À l'origine, deux jeunes Roquebrunoises qui s'ennuient en ce lendemain de Saint-Sylvestre. Et un « passe-temps » découvert sur Facebook.
Mais dans la nuit, fortement secoué par ce message anonyme, l'un des destinataires choisis au hasard, prend contact avec la gendarmerie de l'Alpes d'Huez où il demeure. La machine est lancée : « On est dans le cadre d'une procédure criminelle, soit pour homicide, soit pour recel de cadavre,explique le commissaire de Menton, Eric Joudelat, dont les services ont traité cette affaire.Il y a présomption de crime et cela demande une réaction immédiate. Une procédure de recherche en téléphonie a été lancée, suivie par la mise en place d'une surveillance de police. L'interpellation a eu lieu dans le cadre d'une procédure de flagrant délit.»
À l'arrivée, alors que sa « complice » n'était pas inquiétée, l'auteur du message, Ornella Cuvillon, a été interpellée à son domicile de l'avenue Bedoux, le 4 au matin .

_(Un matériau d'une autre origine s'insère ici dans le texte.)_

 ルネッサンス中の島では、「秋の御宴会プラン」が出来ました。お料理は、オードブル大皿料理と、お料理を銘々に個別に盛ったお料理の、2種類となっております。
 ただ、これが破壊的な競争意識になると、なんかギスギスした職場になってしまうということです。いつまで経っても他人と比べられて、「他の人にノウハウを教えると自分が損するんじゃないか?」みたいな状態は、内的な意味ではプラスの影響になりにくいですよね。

Une expérience qu'elle et sa mère ne sont pas prêtes d'oublier : « A 9 heures, trois policiers en civil se sont présentés à mon domicile en demandant à voir ma fille, raconte Nathalie Cuvillon. N'ayant pas voulu les laisser rentrer, je suis moi-même allée la réveiller. Ils lui ont montré un papier et demandé si elle avait écrit le texte qui y figurait. Elle leur a confirmé en précisant que c'était une blague. Et là, ils l'ont embarquée en refusant que je l'accompagne. »
Une différence de perception
Nathalie fait alors le rapprochement avec trois véhicules de police, dont un banalisé, qu'elle avait repérés la veille au soir alors qu'elle sortait avec sa famille pour fêter son anniversaire.

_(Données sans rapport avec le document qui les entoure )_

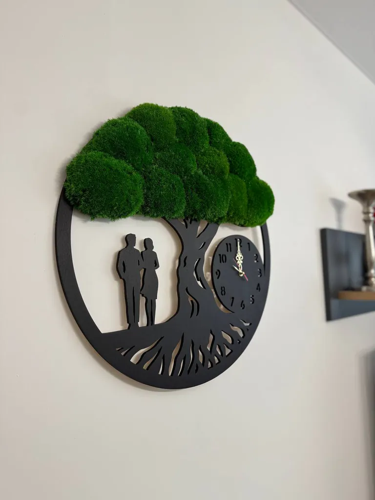 Tieto fascinujúce machové nástenné hodiny Strom života s párom sú omnoho viac než len ukazovateľom času; predstavujú hlbokú poctu láske, rastu a večnému prepojeniu. Dizajn spája mystický motív Stromu života s romantickou siluetou páru a s upokojujúcou, bezúdržbovou prirodzenosťou machu. Samotné hodiny sa stávajú dominantným prvkom každého priestoru a prinášajú silné, emotívne machové vyjadrenie.

« Je n'aurais jamais imaginé que c'était pour ma fille… ».
Alors qu'elle est entendue au commissariat de Menton, Ornella reconnaît les faits et écope d'une présentation devant le juge le 30 janvier prochain avec à la clef un rappel à la loi pour « dénonciation mensongère d'un crime ».
Si elle ne remet pas en question cette sanction, Nathalie, plus choquée que sa fille, dénonce le « traitement » dont Ornella a fait l'objet.

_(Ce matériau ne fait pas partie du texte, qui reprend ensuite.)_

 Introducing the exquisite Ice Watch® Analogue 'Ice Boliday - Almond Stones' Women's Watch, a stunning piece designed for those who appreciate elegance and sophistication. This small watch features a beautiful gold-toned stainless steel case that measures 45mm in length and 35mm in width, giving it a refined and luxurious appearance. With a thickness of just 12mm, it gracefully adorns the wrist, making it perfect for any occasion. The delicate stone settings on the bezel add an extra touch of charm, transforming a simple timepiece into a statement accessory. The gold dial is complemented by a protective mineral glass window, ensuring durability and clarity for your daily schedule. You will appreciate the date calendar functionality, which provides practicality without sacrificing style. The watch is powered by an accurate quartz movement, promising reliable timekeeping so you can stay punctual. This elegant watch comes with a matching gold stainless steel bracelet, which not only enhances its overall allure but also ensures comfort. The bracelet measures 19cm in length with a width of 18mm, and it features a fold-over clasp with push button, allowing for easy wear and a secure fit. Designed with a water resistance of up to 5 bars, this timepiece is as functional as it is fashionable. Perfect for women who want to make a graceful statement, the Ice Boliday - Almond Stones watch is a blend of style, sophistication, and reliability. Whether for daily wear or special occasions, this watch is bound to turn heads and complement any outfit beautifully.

« On est venu la chercher en pyjama, sans lui laisser le temps de passer une veste. Sans me dire ce qu'il se passait. On lui a crié dessus, menacé de lui reprendre son permis de conduire, dit qu'elle ne trouverait plus de travail à Monaco parce qu'elle aurait un casier. On a aussi hurlé sur moi. Les policiers voulaient lui donner une bonne leçon, mais c'était hors de propos pour une gamine de 19 ans qui n'a jamais rien fait de mal ».
Mais pour le commissaire Eric Joudelat, il n'y a aucune ambiguïté dans cette affaire : « On est très loin d'un calembour de carabin. Cela n'a fait rire ni les gendarmes isérois, ni le TGI de Nice, ni les policiers mentonnais. Et encore moins la personne qui a reçu ce SMS. »
Quant au « traitement » subi par Ornella, le commissaire se veut très clair : « Les directives du magistrat permettaient d'exercer la coercition. Ce n'a pas été le cas. Les policiers ont même agi avec beaucoup de discernement. Il n'y a d'ailleurs pas eu de garde-à-vue. Il y a une disproportion dans la perception de la gravité des faits de cette famille et la nôtre».
Et de conclure : « Il faut que les auteurs de ces faits prennent conscience de leurs responsabilités. Cela déclenche des procédures lourdes et coûteuses. Sans parler de l'impact psychologique pour les victimes.»